● **THE INPUT**
══════

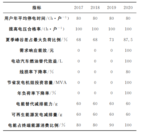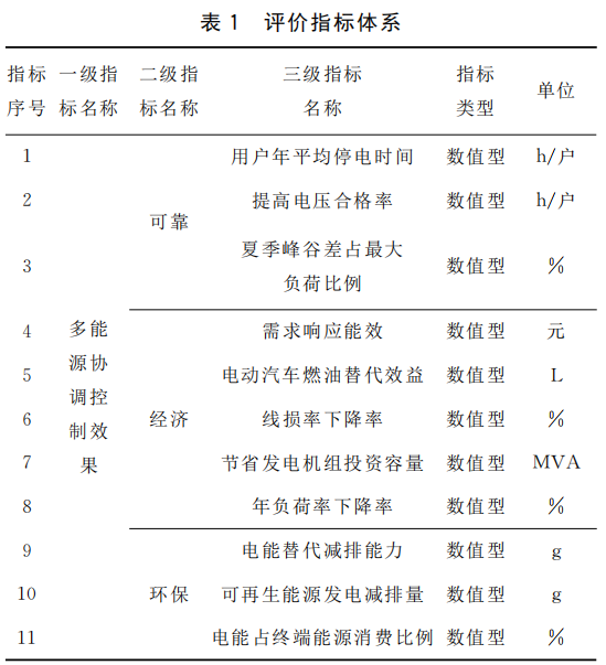 智慧能源多級調(diào)控的效果是從安全可靠、優(yōu)質(zhì)經(jīng)濟和節(jié)能環(huán)保等方面進行評價的。安全可靠主要是指電力系統(tǒng)運行的穩(wěn)定性,具體表現(xiàn)為電力系統(tǒng)在故障時間內(nèi)停電范圍以及停電時間、削峰填谷的響應效果;優(yōu)質(zhì)經(jīng)濟主要是指系統(tǒng)在運行期間電能質(zhì)量以及系統(tǒng)的運行成本,主要能夠以可再生能源技術(shù)電網(wǎng)的并網(wǎng)水平以及系統(tǒng)總成本進行量化;節(jié)能環(huán)保是指整個系統(tǒng)的碳排放水平一級節(jié)能減排效果,主要可以利用可再生能源發(fā)電以及電動汽車保有量水平進行環(huán)境影響效果評價。
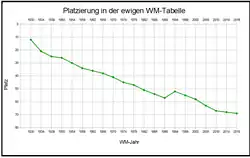 - Teilnahme ohne Qualifikation: zweimal (9 %; 1930, 1950)
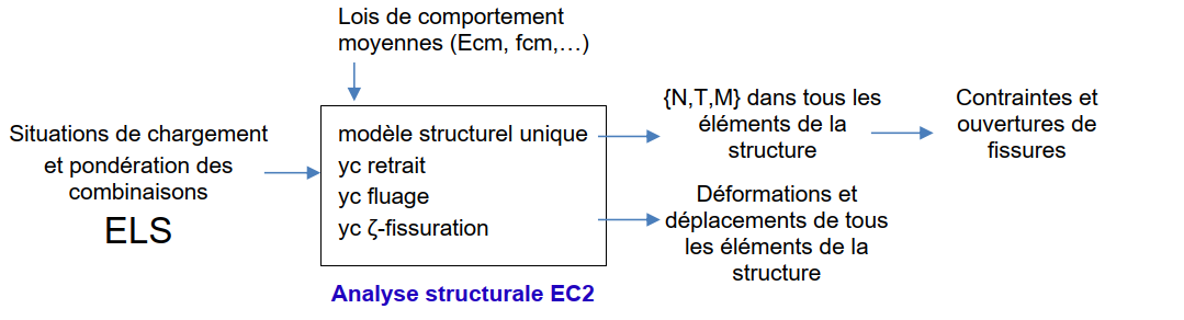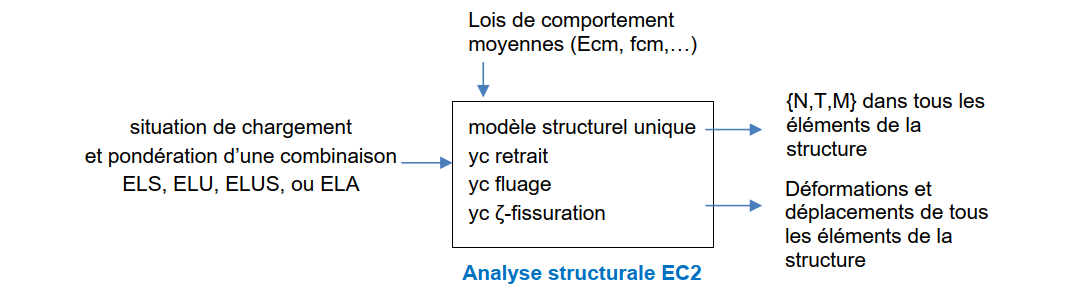 Il est important de souligner qu’hormis certaines caractéristiques du modèle pouvant être négligées en fonction de l’amplitude des sollicitations, la théorie de l’eurocode 2 veut que ce soit le même modèle d’analyse structurale, avec les mêmes lois de comportement des matériaux qui soit utilisé pour déterminer les sollicitations {N,T,M} et les déformations, quelque soit le type d’état limite étudié : ELS, ELU, ELUA et ELUS.
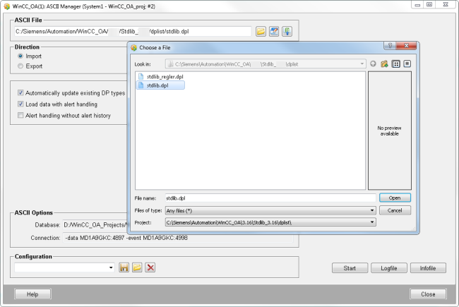 This section describes how to use the "Standard Object Library Setup" Panel. If you want to create the datapoint type and a symbol manually, continue with the step "Import the Stdlib Datapoint Types".
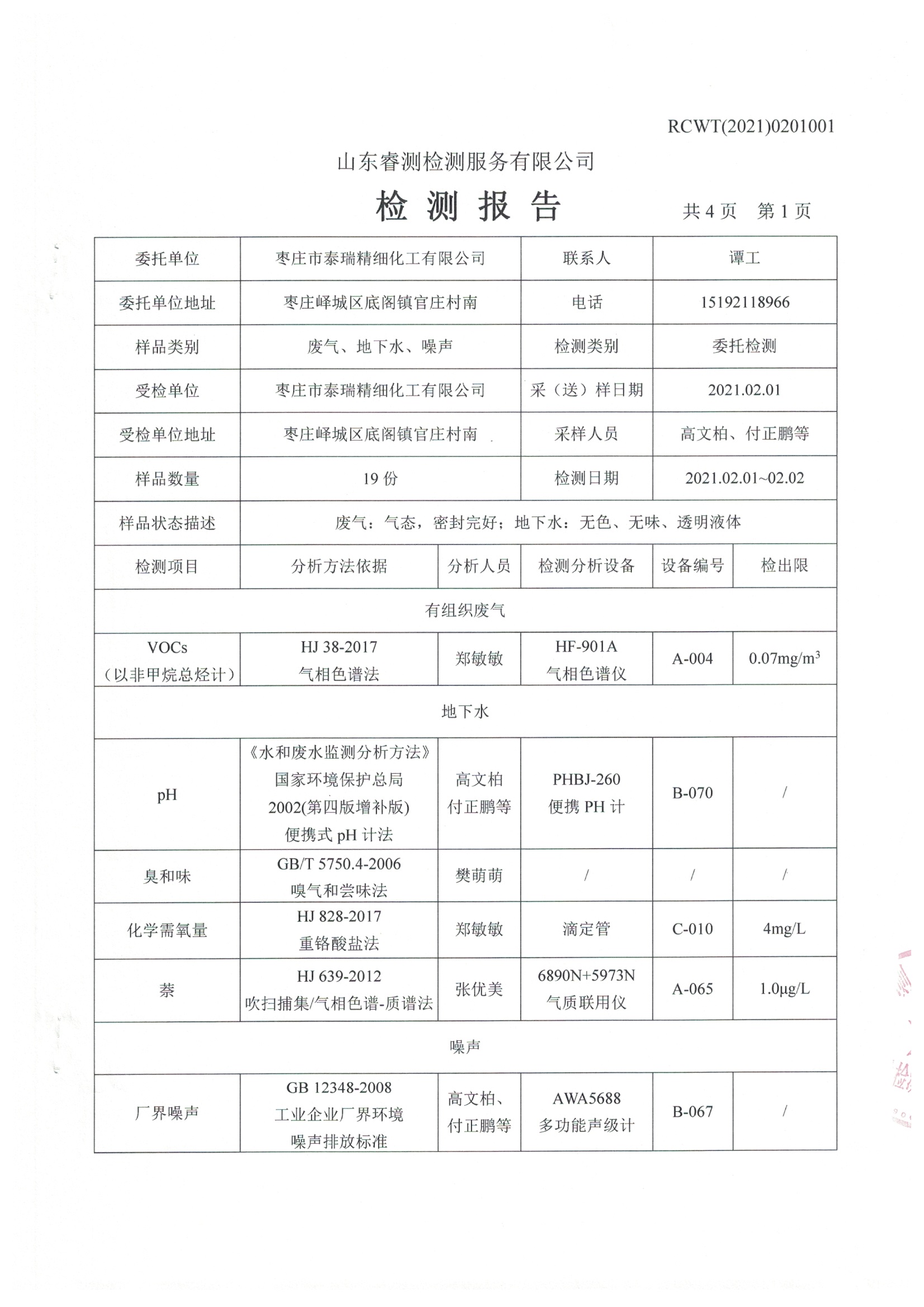 2021年2月份自行檢測報(bào)告
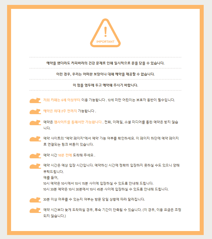 - 주의: 카피바라 컨디션에 따라 당일 휴무할 수 있음 (환불·대체 예약 불가)
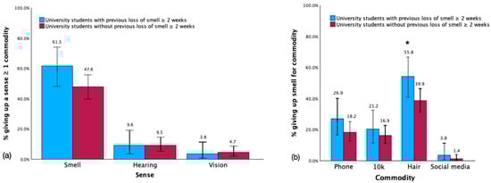 Giving up (a) each sense for ≥ one commodity between the university students with and without previous loss of smell for ≥ two weeks, (b) smell for each commodity. Note: * indicates statistical significance, error bars show confidence interval of 95%.
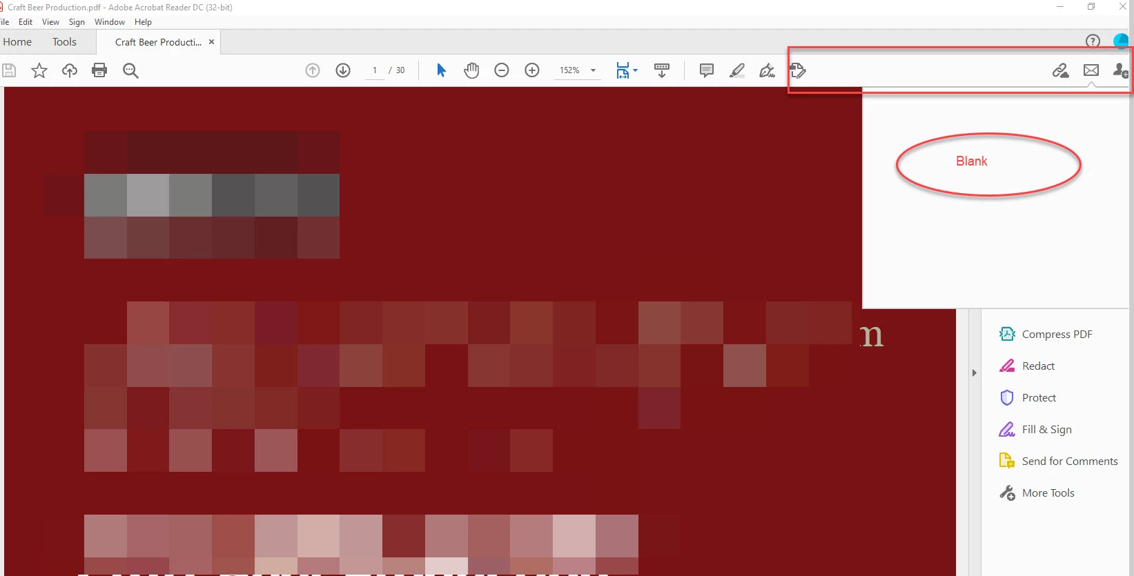 we currently face an issue, we host a customer that is using Acrobat Reader DC, when we try to send an attached email from the application it show a blank frame, not also, all the highlighted option too.
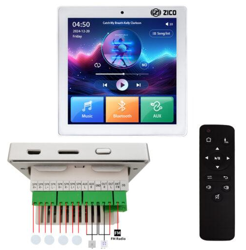 آمپلیفایر دیواری زیکو H-61 در ابعاد جمعوجور 86×86×10 میلیمتر طراحی شده و به راحتی بر روی دیوار نصب میشود. صفحه نمایش 4 اینچی آن نهتنها ظاهر مدرنی به دستگاه بخشیده بلکه امکان مشاهده آسان اطلاعات، لیست موسیقی و حتی فایلهای تصویری را فراهم میکند.
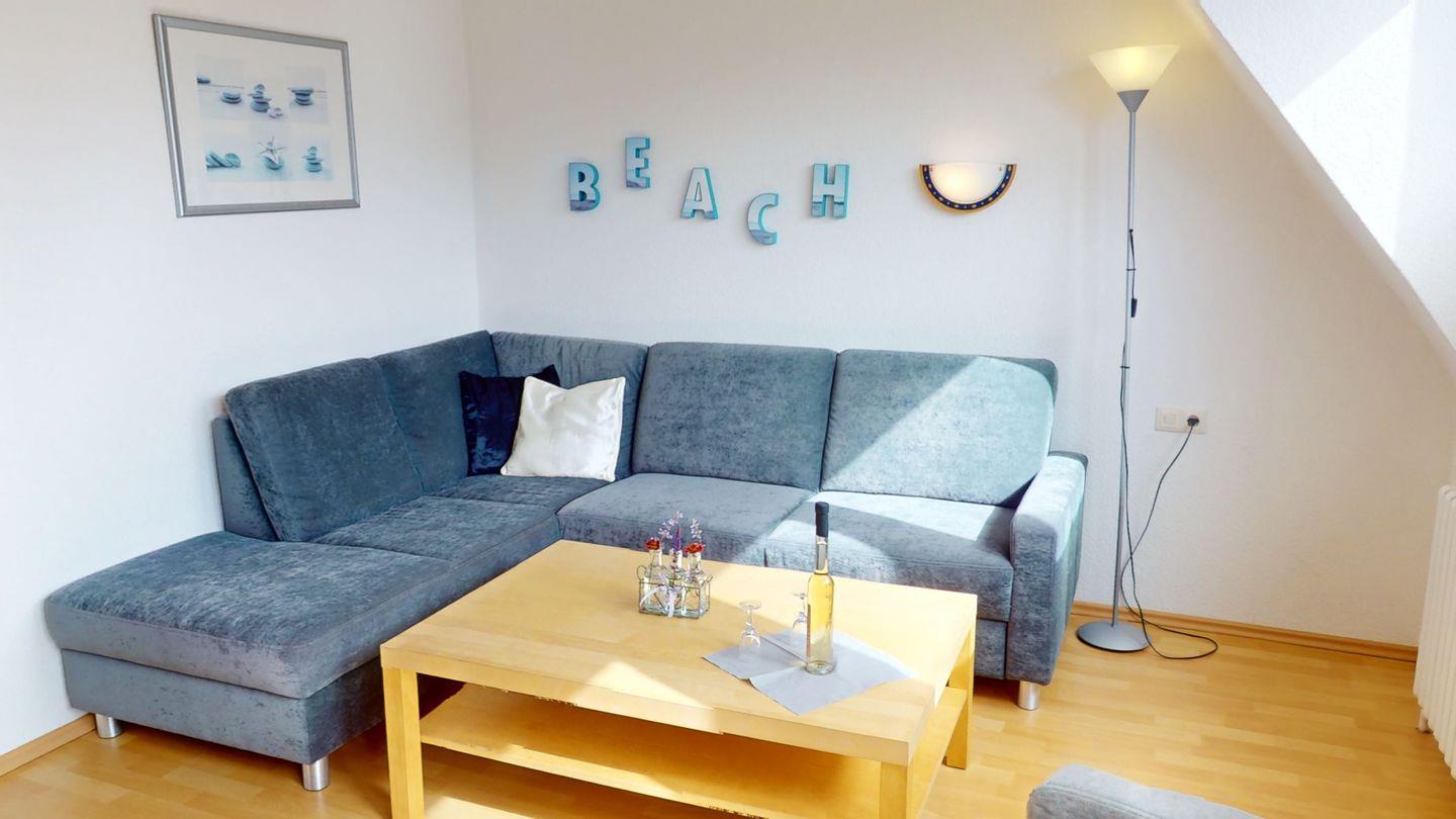 Die 76 m² große Ferienwohnung "Lagune" liegt im Obergeschoss des Hauses "GAST-ZEIT" am Grömitzer Kurpark, Bis zum Strand sind es nur 200 Meter!

══════

● **YOUR TASK**
Up to and including the line containing "- Teilnahme ohne", repeat every line from the start of the data, but none of the pictures.

● **ANSWER SECTION**
 智慧能源多級調(diào)控的效果是從安全可靠、優(yōu)質(zhì)經(jīng)濟和節(jié)能環(huán)保等方面進行評價的。安全可靠主要是指電力系統(tǒng)運行的穩(wěn)定性,具體表現(xiàn)為電力系統(tǒng)在故障時間內(nèi)停電范圍以及停電時間、削峰填谷的響應效果;優(yōu)質(zhì)經(jīng)濟主要是指系統(tǒng)在運行期間電能質(zhì)量以及系統(tǒng)的運行成本,主要能夠以可再生能源技術(shù)電網(wǎng)的并網(wǎng)水平以及系統(tǒng)總成本進行量化;節(jié)能環(huán)保是指整個系統(tǒng)的碳排放水平一級節(jié)能減排效果,主要可以利用可再生能源發(fā)電以及電動汽車保有量水平進行環(huán)境影響效果評價。
 - Teilnahme ohne Qualifikation: zweimal (9 %; 1930, 1950)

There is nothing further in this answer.